Anyway, update on my life. My drinking really peaked in May-August after we bought a big fixer upper here in Florida. I would bust my ass from 7:00AM until 11:00PM all my days off, and would drink heavily from about 5:00PM until bed. I had a really "bad trip" one night after drinking my normal half pint vodka straight on an empty stomach, followed by an "extra strength" Four Loko (not realizing four lokos are equivalent to 5 drinks). I went temporarily insane. I had a hallucinatory conversation with my wife about my drinking and then got very paranoid -- I stumbled like a zombie over to an empty house in the neighborhood and then just sat on the ground by the pool for a few hours. It was pretty scary (and absurd).

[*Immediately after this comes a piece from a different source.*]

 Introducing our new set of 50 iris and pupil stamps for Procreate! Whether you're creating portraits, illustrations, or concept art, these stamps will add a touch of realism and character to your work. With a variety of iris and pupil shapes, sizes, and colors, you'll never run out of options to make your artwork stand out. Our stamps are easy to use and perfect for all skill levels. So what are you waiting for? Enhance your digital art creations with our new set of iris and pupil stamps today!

Over the next few weeks, my wife got more confrontational about my drinking -- at least by her standards. Asking me things like, "So, what's going on with your drinking?" We've continued to have marriage problems (which aren't directly related to alcohol, but definitely aren't helped by it). As far as drinking goes, I told her a few weeks ago that I wanted to stop because nothing good comes from it. This was after yet another emotional fight we had about her constantly refusing sex and affection (again, not related to alcohol as it happened when I was sober, too; just that I don't get emotional when I'm sober). I did a few alcohol free nights (enjoyed them as always), but have mostly returned to my drinking baseline, which is secretly chugging a half pint of vodka on an empty stomach and then drinking 1-2 beers in front of her, maybe some more secret vodka, and maybe 1/2 a secret Four Loko. This is definitely enough for me to have my recurring memory lapses, avoidance behavior (i.e. not talking to my kids, not affectionate to my wife, doing "alone" things like hanging out at the pier by myself), complete lack of productivity, and erectile dysfunction during my thrice a month duty-booty.

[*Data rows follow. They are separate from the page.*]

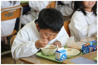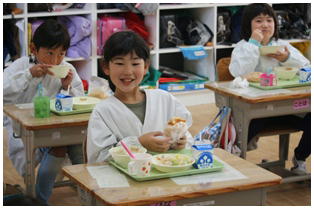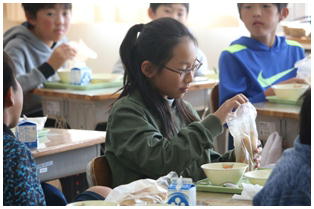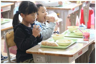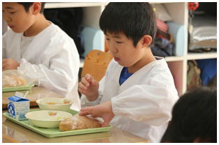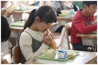 毎日楽しくて美味しく給食をいただいていますが,今日の献立はみんな大好きな「揚げパン」でした。みんな味わって食べています。
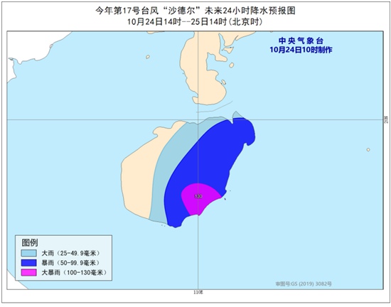 降水预报:24日14时至25日14时,海南岛大部有中到大雨,其中,海南东部和南部的部分地区有暴雨,局地大暴雨(100~130毫米)。
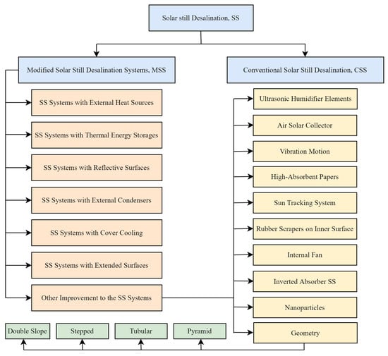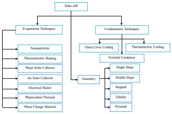 Additionally, the review emphasizes the importance of future research that involves the integration of different techniques within solar stills, providing a roadmap for ongoing advancements in the field. Classification of modification types to boost productivity in a solar still is depicted in Figure 2.
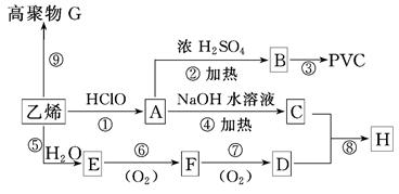 工业上用乙烯和氯气为原料合成聚氯乙烯(PVC)。已知次氯酸能跟乙烯发生加成反应:CH2=CH2+HOCl→CH2(OH)CH2Cl。以乙烯为原料制取PVC等产品的转化关系如下图所示。

My plan is to take my 14 pills, chop about three of them into half, and force myself to do the Nal+1 Hour+Alcohol for at least 10 sessions before I try to go alcohol free again. As I've said before, the difference between being a frequent drinker and a non-drinker is more like a wispy curtain than a wall. It's a very subtle feeling that one experiences while cured, but it's just enough that it isn't a struggle to not-drink. I remember the feeling well, I just can't get myself back to it without Naltrexone.

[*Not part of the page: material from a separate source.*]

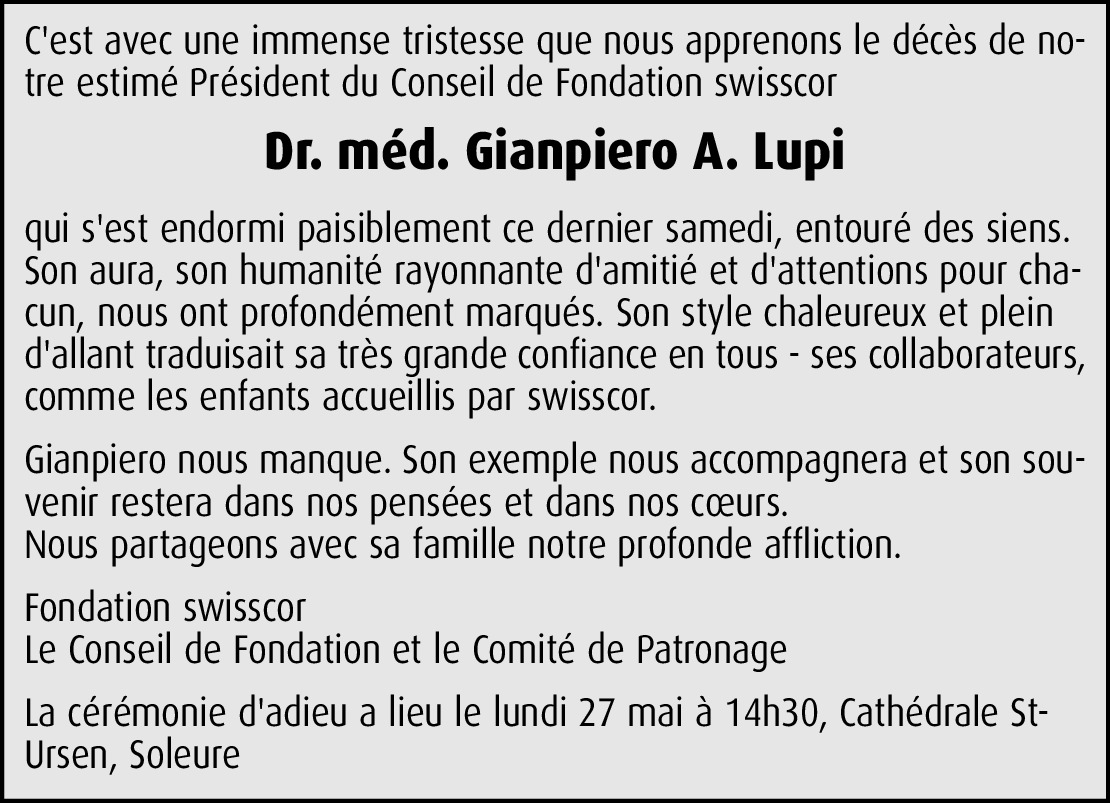 Il y a plus de 4 ans Signaler Ich kondoliere der Ganzen Famillie Lupi von Ganzem Herzen De la part de

My motivation to stop is, first, so I can regain some productivity and reclaim the absolute pleasure I get out of life without alcohol. I'm working on getting licensed in another health care area (I'm an emergency RN now), but can't get anything done because of the drinking. Working out again has boosted my testosterone which has made me much more motivated in general, so that's been a factor. Also, and it may sound sad, but I'm working towards an eventual divorce in a little as 1.5 years (we're definitely staying together "for the kids," but that's getting less and less necessary each year). We have our 25th coming up this summer. I just want to make sure that I don't make such a monumental decision when I'm not at my best self. I also want to make sure that she will be in a better position to make it on her own, as she will likely never re-partner with somebody and doesn't make that much money. From my experience, being sober makes me much more affectionate and present. For example, I never "hold" her at night when we go to bed if I'm drunk (a) I don't want her to smell the booze, and (b) I just want to sleep. We don't talk much when I'm drunk because I don't want to slur (ah, the life of a secret drinker).
Positive steps I've taken = I bought another home gym (a "rack" set up, having left my other one in my previous state) and have started working out again -- squats and deadlifts mostly. I started doing 15 minutes a day of Zen meditation and have become part of a local Zen group, and told my wife I was going to do it (religion is a top problem we have, as we started out very religious [Catholic] and I became an agnostic, geez, like 13 years ago, but I'm "forbidden" to let anyone know). I've learned how to make kava with the idea of it being an alcohol substitute. May not be a good idea, as the times I've drank it, it just makes me want the much-stronger buzz of alcohol. We'll see, though, as it theoretically is a nice way to relax and have a "happy hour" without the mind-dulling effects of alcohol.
Thanks for listening and I'll try to have a positive update soon.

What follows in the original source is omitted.